Cada trabalho de LE Consiste em cenas, eventos, comportamentos, ações, objetos (entre os objetos, há também o texto). Através Estes conceitos são atividades de entrada, saída de rede que são a base para a realização de cada LE produto implementado. Estes produtos especiais, que dão origem a cultura digital e arte digital (a verdadeira arte contemporânea), são projetados por meio de roteiros, storyboards e mostra fluxograma que seus processos, oportunidades e mudanças para alcançar esse resultado através de interfaces com o usuário permitir a interação entre o homem e máquinas. Estes documentos são preliminares para a criação de LE, e da pele simbolizam. Os espetáculos de interface, na sua expressão gráfica, que os objetos viabilizar as metas do programa. Tudo o que aparece ao usar o programa é a parte visível da obra, mas a parte visível só é possível se houver uma parte invisível que produz tanto a interface que o motor do programa, isto é, a lista de programas que regula a entrada e saída do sistem digitais (computadores). Esta listagem de programação pode ser visto como as entrelinhas do produto digital.
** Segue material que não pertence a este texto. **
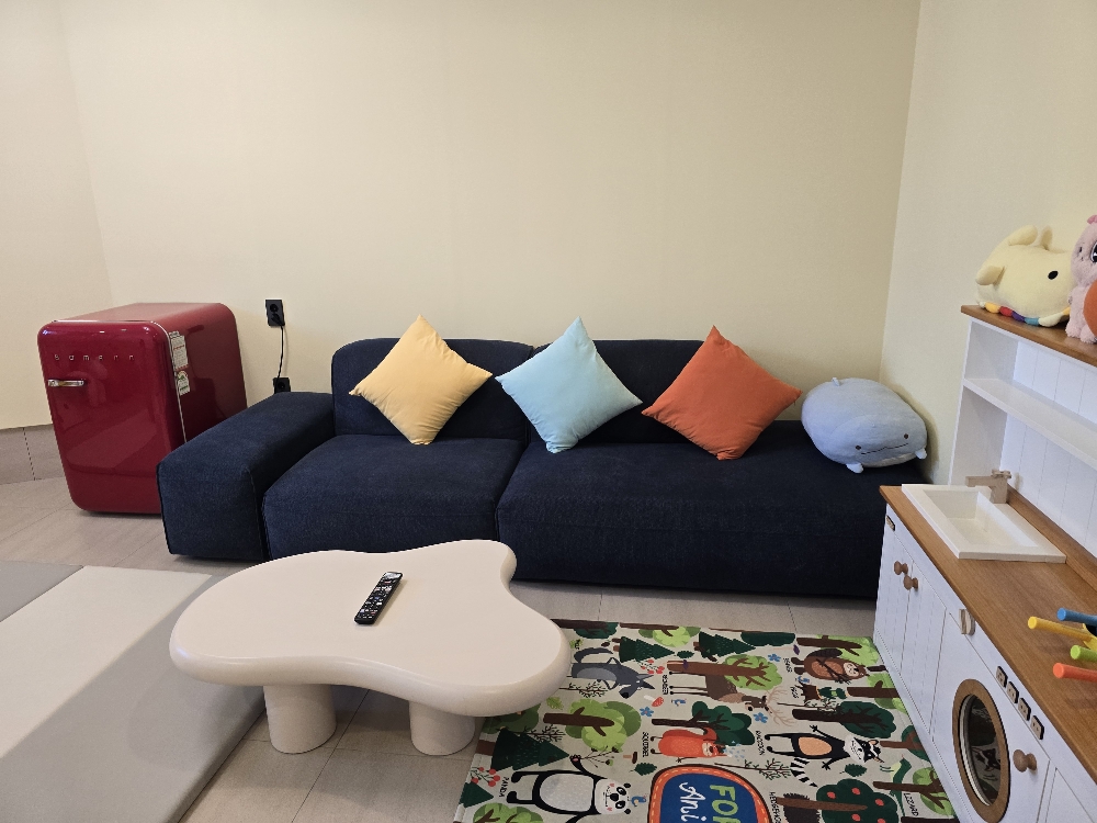 미끄럼틀 외에도 주방놀이를 할 수 있는 공간과 티비를 볼 수 있는 공간, 그리고 마음껏 뛰어놀 수 있는 매트가 있어서 아이를 키우는 부모님들에게 최적의 숙소가 아닐까 생각이 듭니다.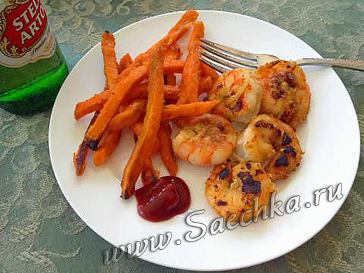 Креветки в пикантном соусе «Хэтч» вкусны с рисом, сваренным на кокосовой воде, или же, как у меня, со сладким картофелем фри.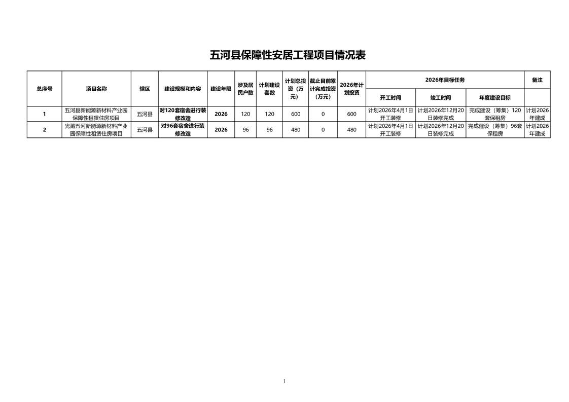 五河县2026年保障性租赁住房项目建设情况表 |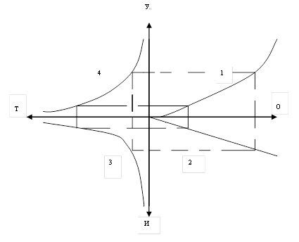 Рис. 46. Модель взаимосвязи уровня развития технологии (Т), ущерба от отходов (Уо), объема роста отходов (О) и издержек производства (И). (Цифры 1, 2, 3, 4 означают сектора кривых или прямых линий взаимосвязи показателей координат)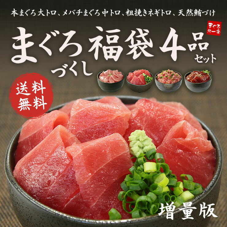 【送料無料】まぐろ尽くし福袋増量版!本マグロ大トロなど色々なマグロが勢揃い!たっぷり4品860gお届け■全品自然解凍でOK(刺身 海鮮丼 お年賀 敬老の日 ギフト 御祝 内祝)《not-ds1》〈ds1〉[[マグロ尽くし福袋-2p]

Eu sei que o subtexto é formado na LE a partir da lista de programas que estão abaixo da parte visível das obras. Estes subtextos têm à sua própria estética, que identifica as novas tendências da arte contemporânea e poesia. O poeta digital deve saber que se situa linguagem de programação subjacente (subtexto) para o trabalho. O LE, hoje, representada pela tecnologia digital, tem a condição necessária e suficiente para que o que é visível Surge a partir daquilo que não é visível, Estes é a razão de sua estética e sua poesia.
Não é possível, então, que podemos ter uma idéia de LE sem saber as línguas que estão na base da sua criação. Esse desconhecimento é generalizado tanto entre os estudiosos hoje que se entre os artistas, que muitas vezes para cumprir os seus produtos devem contratar técnicos: isso é como dizer que um pintor, por exemplo, fez de sua pintura apenas a idéia, enquanto ele deixou o trabalho para um técnico. Este comportamento, que talvez fosse aceitável a agulha década, hoje é impossível, porque a arte é tão semelhante à ciência que é considerado por si só uma forma de conhecimento. O mesmo fenômeno considera o conceito de arte conceitual como trabalho, e só em consequência do mercado está ligada ao conceito de material e algo vendável: fotos, textos, vídeo ou gravação de áudio. Mas esses produtos são apenas a documentação de um evento de arte conceitual, que deve, por definição, ser único, irrepetível e único documentable. Portanto, o documento torna-se então o trabalho, por causa de mudanças nas culturas que trouxe pelos privilégios de mercado sobre todas as manifestações humanas. Os sete pontos de Kaprow, por exemplo, são indicativos da presente farsa feita pelo mercado. Então, arte conceitual, não significa que eu acho e outro transforma meus pensamentos no trabalho, mas meus pensamentos já estão do meu trabalho. Eu sei que todas as obras de arte foram criadas por pessoas que conheciam melhor do que qualquer outra pessoa as linguagens utilizadas para implementá-las.
Seria muito estranho pensar que Dante Alighieri não sabia a língua italiana ou que Pirandello era completamente analfabeto, eu sei que era necessário para chamar alguém para escrever em Inglês Suas histórias, romances, peças de teatro.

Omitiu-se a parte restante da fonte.